WHAT TO DO
When you reach the line with "- All-in-One Stationery", transcribe it and each line after it through the last one below, exactly. Pictures stay out.
--- INFORMATION SHOWN Enclosed Below ---
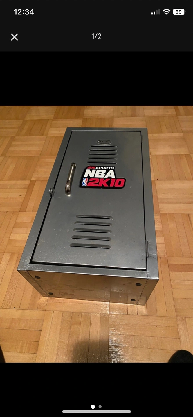 Selling an NBA 2K10 sports locker. It's in good condition and would be perfect for storing your dvds and gamesor other items. It has a handle and ventilation holes.
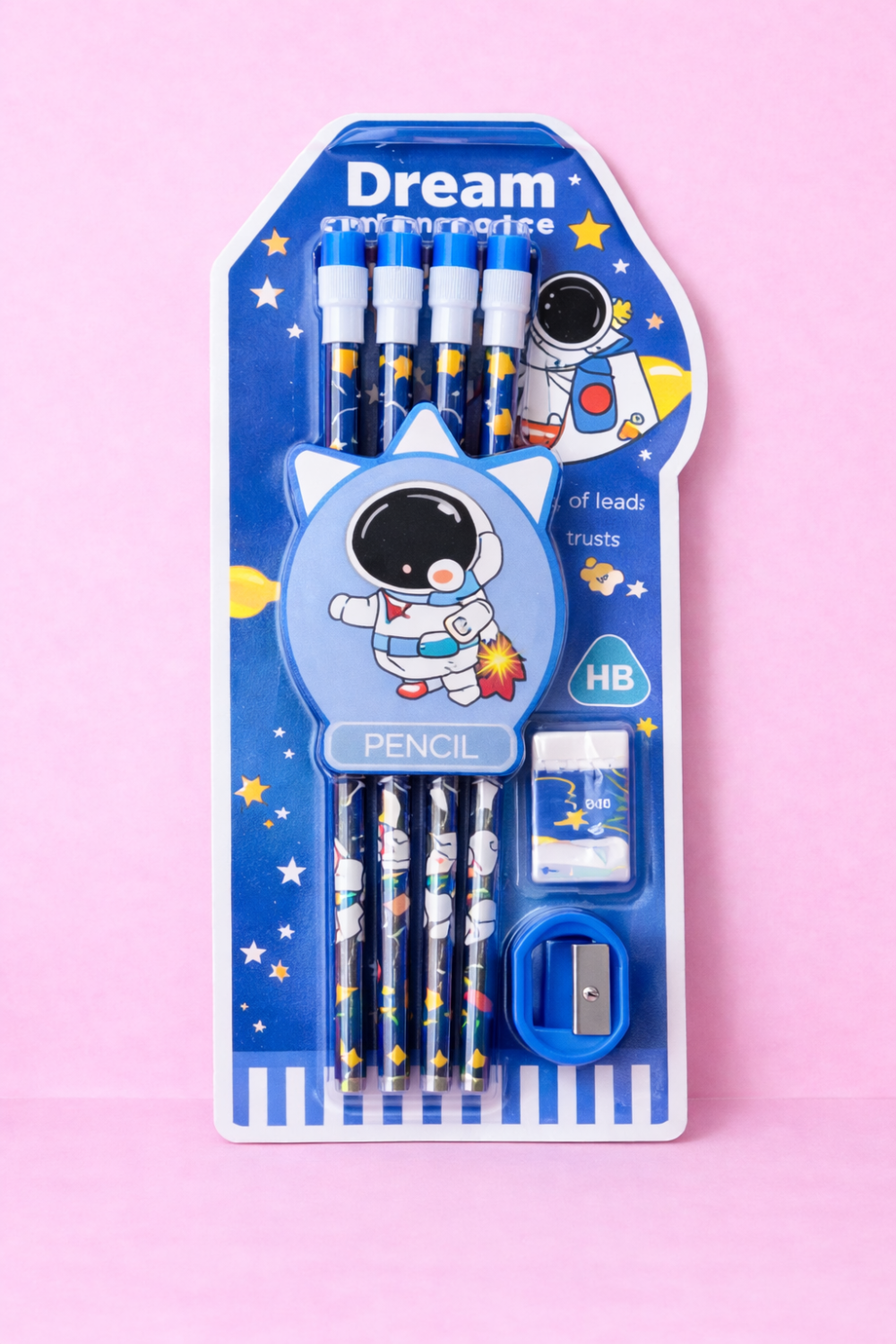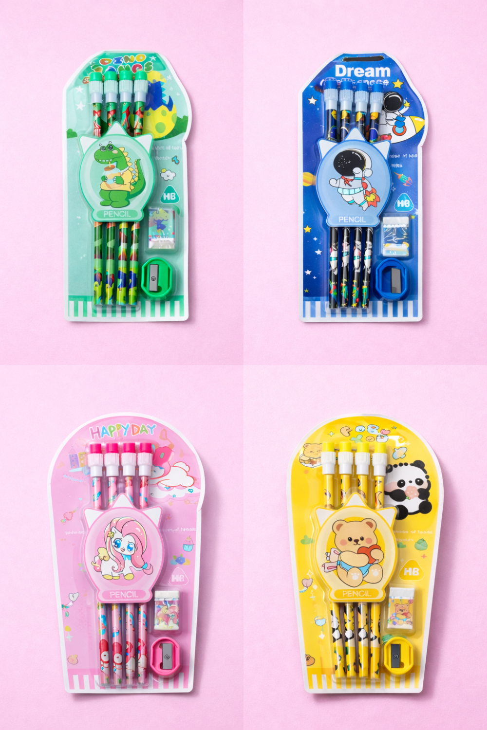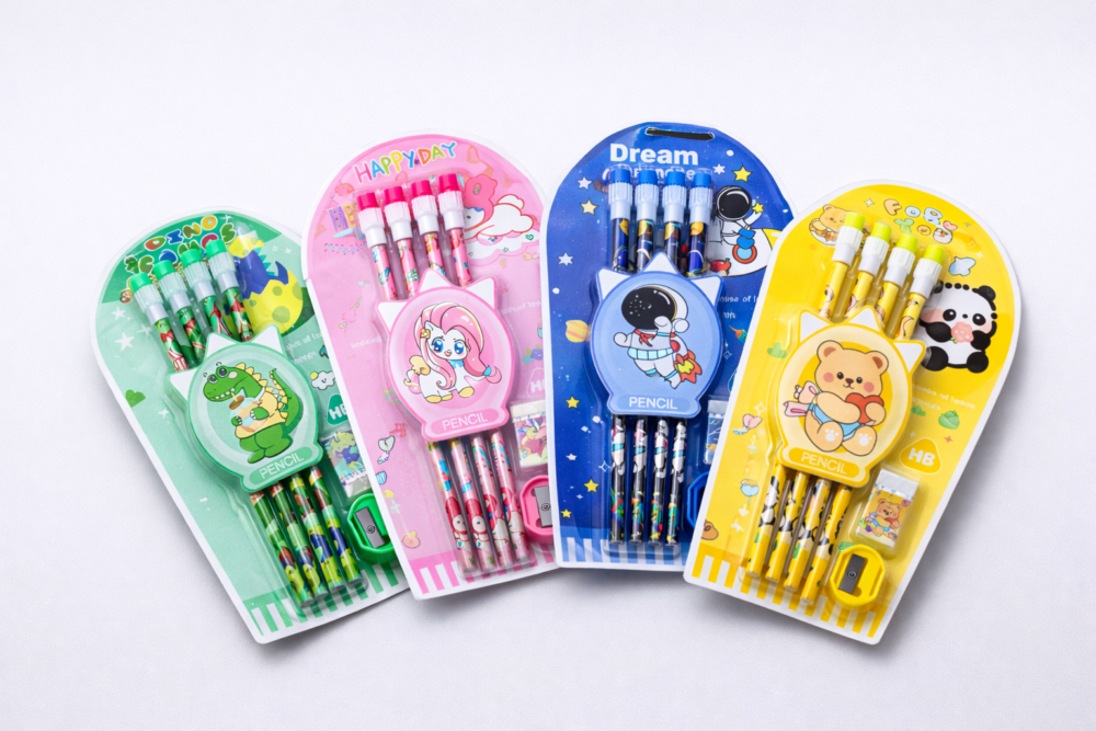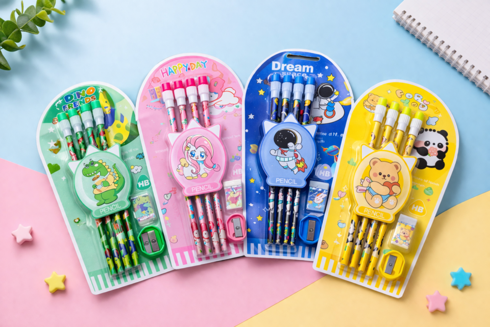 - All-in-One Stationery Set – Includes 4 HB pencils, 1 sharpener and 1 eraser in one compact pack
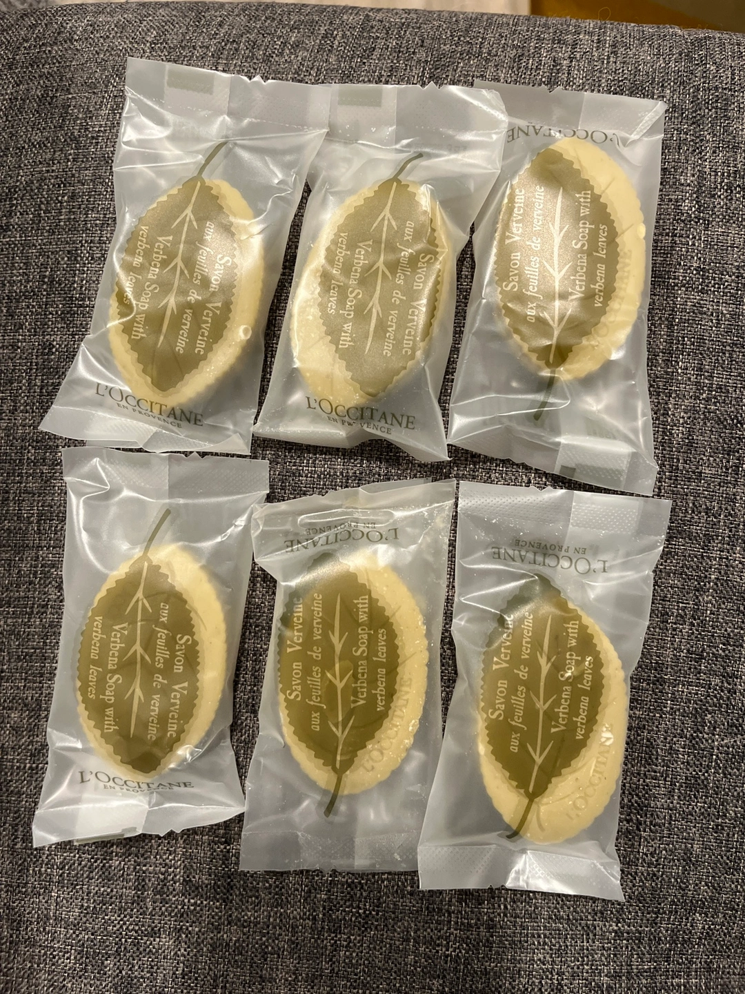 Six L'Occitane Verbena Soap Bars in individual packaging.
--- End of Enclosed INFORMATION SHOWN ---
EXPECTED ANSWER
 - All-in-One Stationery Set – Includes 4 HB pencils, 1 sharpener and 1 eraser in one compact pack
 Six L'Occitane Verbena Soap Bars in individual packaging.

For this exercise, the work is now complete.